[Collected data]

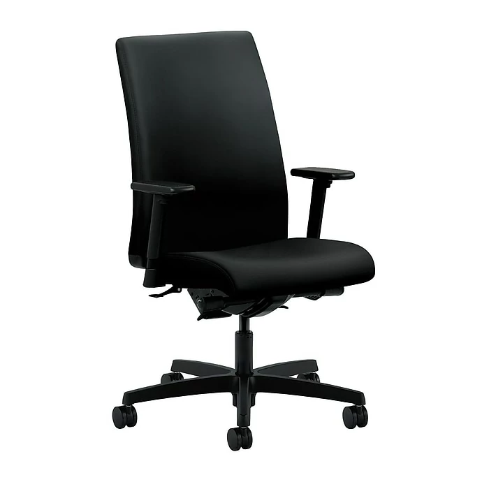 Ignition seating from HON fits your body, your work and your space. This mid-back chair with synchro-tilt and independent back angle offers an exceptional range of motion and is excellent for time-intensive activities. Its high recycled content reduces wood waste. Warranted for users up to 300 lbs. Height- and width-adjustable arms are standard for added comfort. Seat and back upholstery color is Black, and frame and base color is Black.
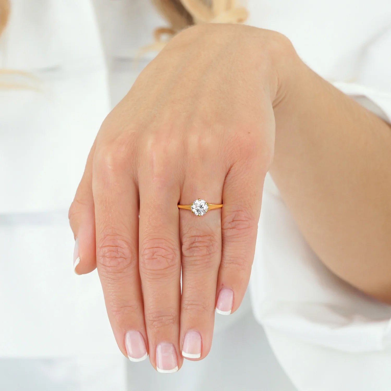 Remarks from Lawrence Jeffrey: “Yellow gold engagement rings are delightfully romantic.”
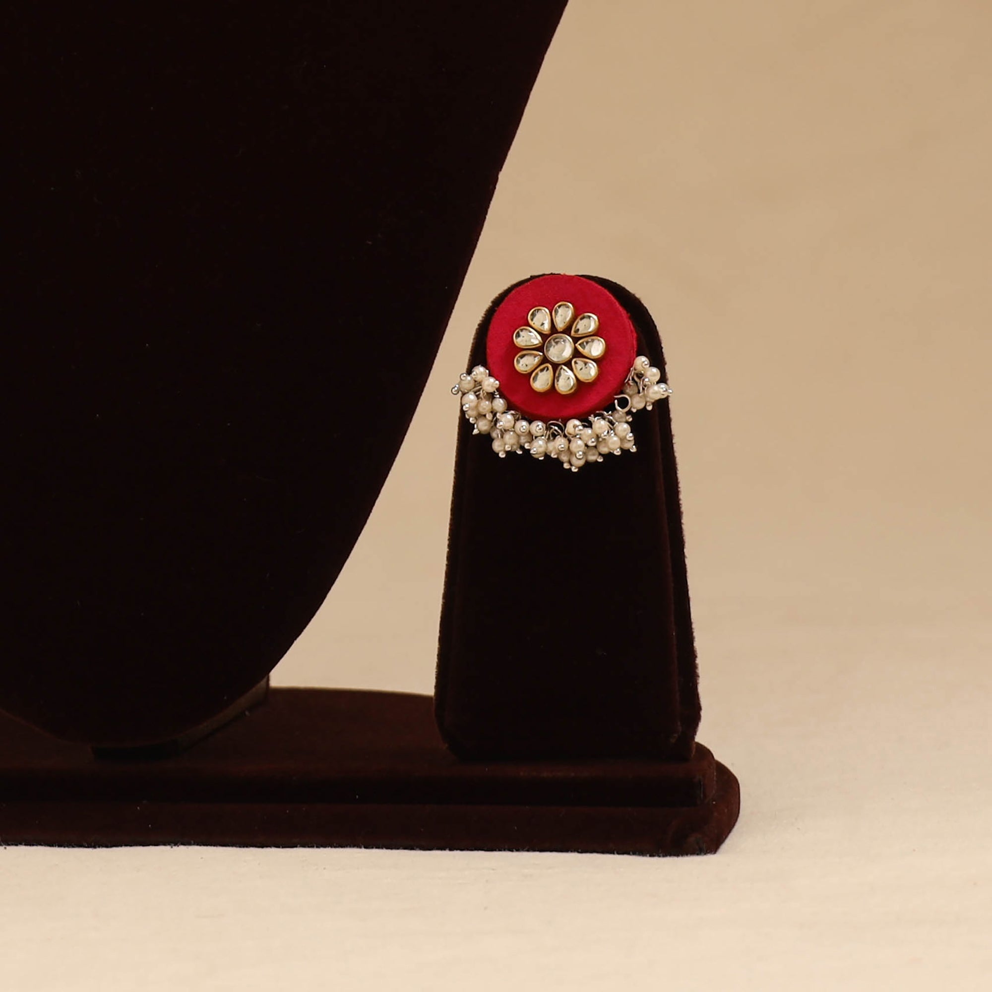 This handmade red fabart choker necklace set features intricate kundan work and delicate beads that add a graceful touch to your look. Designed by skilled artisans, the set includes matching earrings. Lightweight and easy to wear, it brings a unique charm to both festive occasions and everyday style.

[/Collected data]

Activity: Repeat the exact lines from the first line of the data through the line containing "Remarks from Lawrence". Nothing else, no pictures.

Result of the exercise:
 Ignition seating from HON fits your body, your work and your space. This mid-back chair with synchro-tilt and independent back angle offers an exceptional range of motion and is excellent for time-intensive activities. Its high recycled content reduces wood waste. Warranted for users up to 300 lbs. Height- and width-adjustable arms are standard for added comfort. Seat and back upholstery color is Black, and frame and base color is Black.
 Remarks from Lawrence Jeffrey: “Yellow gold engagement rings are delightfully romantic.”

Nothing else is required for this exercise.